Comment messire Guillaume de Gauville parlementa avec un bourgeois d’Évreux comment ils reconquêteroient la cité d’Évreux au roi de Navarre.


Or vous vueil-je à recorder comment un chevalier de la comté d’Évreux, appelé messire Guillaume de Gauville, par sa subtilité et sa hardiesse reconquit la cité, le bourg et le châtel d’Évreux qui se tenoit pour le temps du roi de France ; et l’avoit le dit roi conquis sur les Navarrois, ainsi que contenu est ci-dessus en l’histoire.
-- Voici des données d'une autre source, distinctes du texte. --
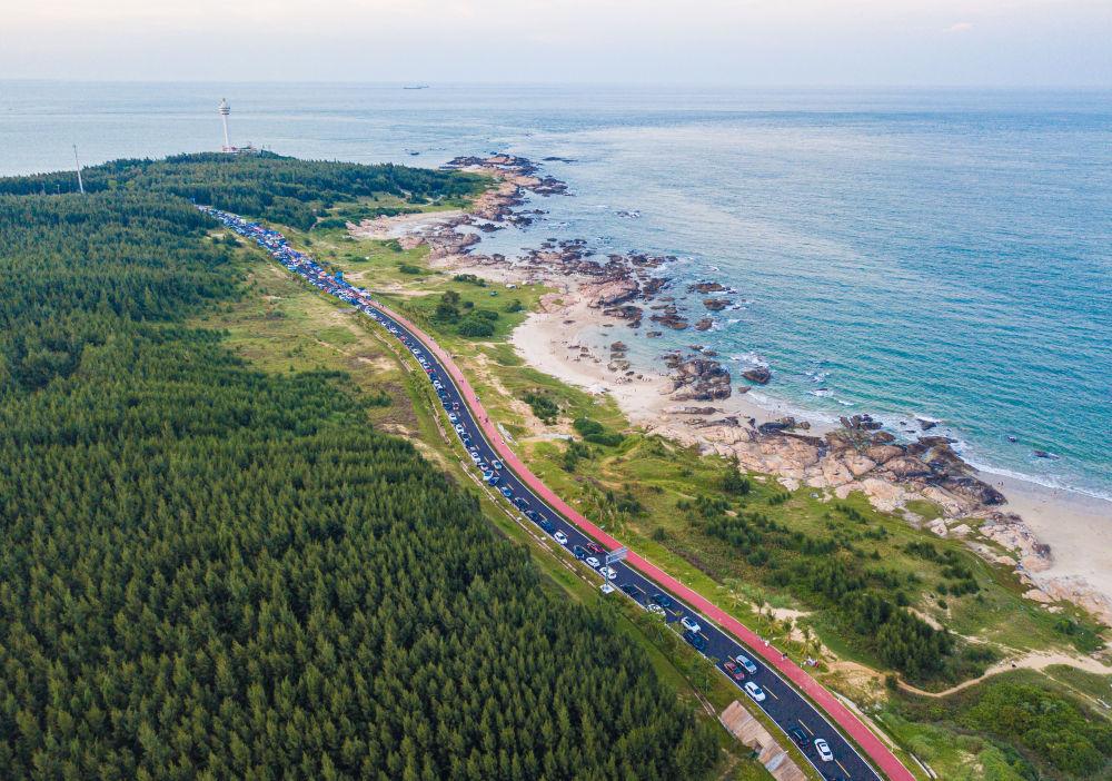 ↑2023年10月4日拍攝的海南環島旅游公路文昌段景色和自駕游車輛(無人機照片)。新華社記者 蒲曉旭 攝
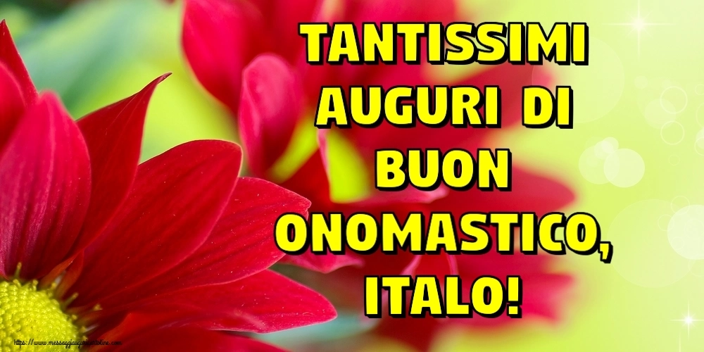 Scopri questa cartolina con fiori e scritte gialle unica e personalizzata per la festa dell'onomastico e preparati a condividere un momento di gioia e felicità con il destinatario. Che tu stia inviando il messaggio a distanza o desideri sorprendere la persona amata, questo biglietto di auguri con il nome Italo renderà la festa dell'onomastico davvero speciale e memorabile. Questo biglietto di auguri di onomastico con nome Italo può essere scaricata gratis o inviare tramite Whatsapp, Facebook, Twitter, Pinterest. Immagine di buon onomastico con fiori e scritte gialle e dimensioni 1000px x 500px.
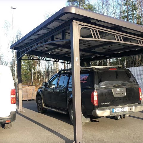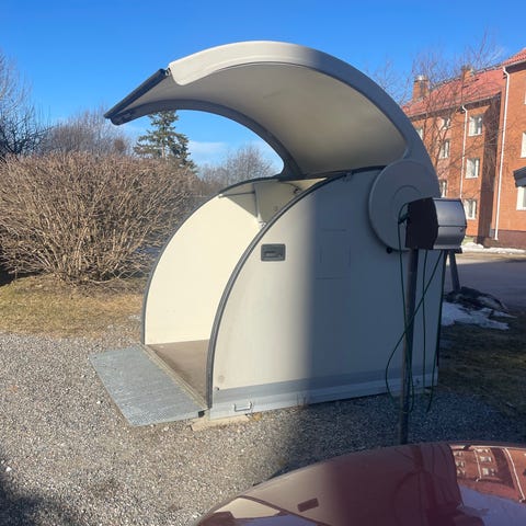 Förvaringsgarage för elrullstol och permobil med elektriskt uppfällbart tak. Garaget är avsett för utomhusbruk och ger väderskydd för elrullstol, permobil eller rollator. Invändigt finns eluttag och kabeldragning för laddning, belysning samt hyll- och korgsystem för tillbehör. Ramp framtill underlättar in- och utkörning. Utsidan är märkt med handikappsymbol. Passar placering intill husvägg eller på gård där skyddad förvaring och laddning av hjälpmedel behövs.
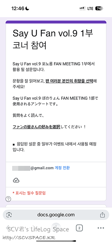 앉아서 기다리는 15분 남짓 화면 앞 코너참여 구글 폼 작성하면서 기다렸습니다.
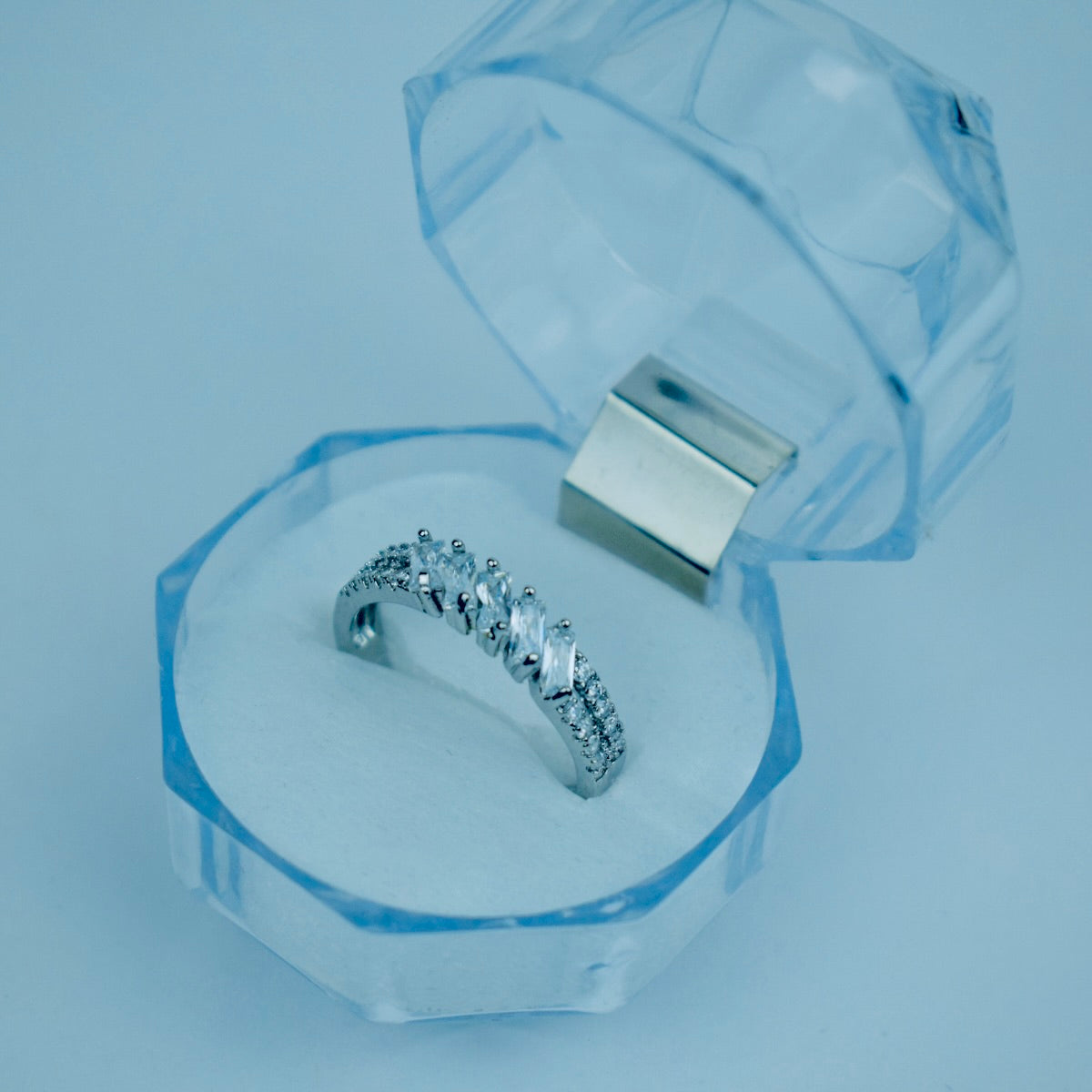 Silver: Sleek and modern with a minimal band-style ring for everyday elegance

Cil messire Guillaume de Gauville étoit chevalier de foi et de serment au roi de Navarre ; et trop lui déplaisoit la prise du roi ; et aussi faisoit-il à plusieurs bourgeois de la cité d’Évreux, si amender le pussent : mais ils ne pouvoient nullement, tant que le châtel leur fut ennemi. Si demeuroit le dessus dit chevalier à deux petites lieues d’Évreux, et avoit son retour en la cité chez un bourgeois, qui au temps passé avoit aussi été grandement ami du roi de Navarre, ainsi que un homme doit être à son seigneur, et que par nature ceux d’Évreux ont toujours plus aimé le roi de Navarre que le roi de France. Quand le chevalier venoit en l’hôtel du bourgeois, il étoit bien venu ; et buvoient et mangeoient ensemble en grand’récréation, et parloient et devisoient d’unes choses et d’autres, et par espécial du roi de Navarre et de sa prise, dont moult leur ennuyoit. Avint une fois entre les autres que le dit chevalier se alla élargir de parler au dit bourgeois et dit : « Je ne sais, mais si vous vouliez bien acertes, je conquêterois cette cité, le bourg et le châtel au roi de Navarre. » — « Et comment se pourroit-il faire, dit le bourgeois, car le châtelain est trop fort François, et sans le châtel ne nous oserions tourner, car il est maître de la cité et du bourg ? » Dit le chevalier : « Je le vous dirai : premièrement, il faudroit que vous eussiez de votre accord trois ou quatre bourgeois de votre amitié, et pourvues vos maisons de bons compagnons tous armés, hardis et entreprenans. Tout ce fait couvertement, je parferois le surplus à mon péril : à laquelle heure que ce fût du jour, je serois en aguet, quand le châtelain viendroit à la porte ; car il a, par usage, coutume de venir une fois ou deux le jour. Je aurois avecques moi un varlet, je viendrois au châtelain et le tiendrois de paroles, et le menerois tant par lobes, que il me lairoit entrer en la première porte et espoir en la seconde. Par couverture je renvoierois mon varlet et vous ferois hâter et issir hors ces compagnons pourvus et avisés de ce qu’ils devroient faire, et approcher le châtel. Si très tot que je orrois un petit cor sonner de mon varlet, je me avancerois et occirois le châtelain ; de ce me fais-je fort assez et à mon péril. Vos gens lors sauldroient et tantôt viendroient avant ; et par ainsi nous serions maîtres du châtel, et puis de la cité et du bourg : car communément le plus des cœurs s’inclinent mieux au roi de Navarre notre seigneur que au roi de France. »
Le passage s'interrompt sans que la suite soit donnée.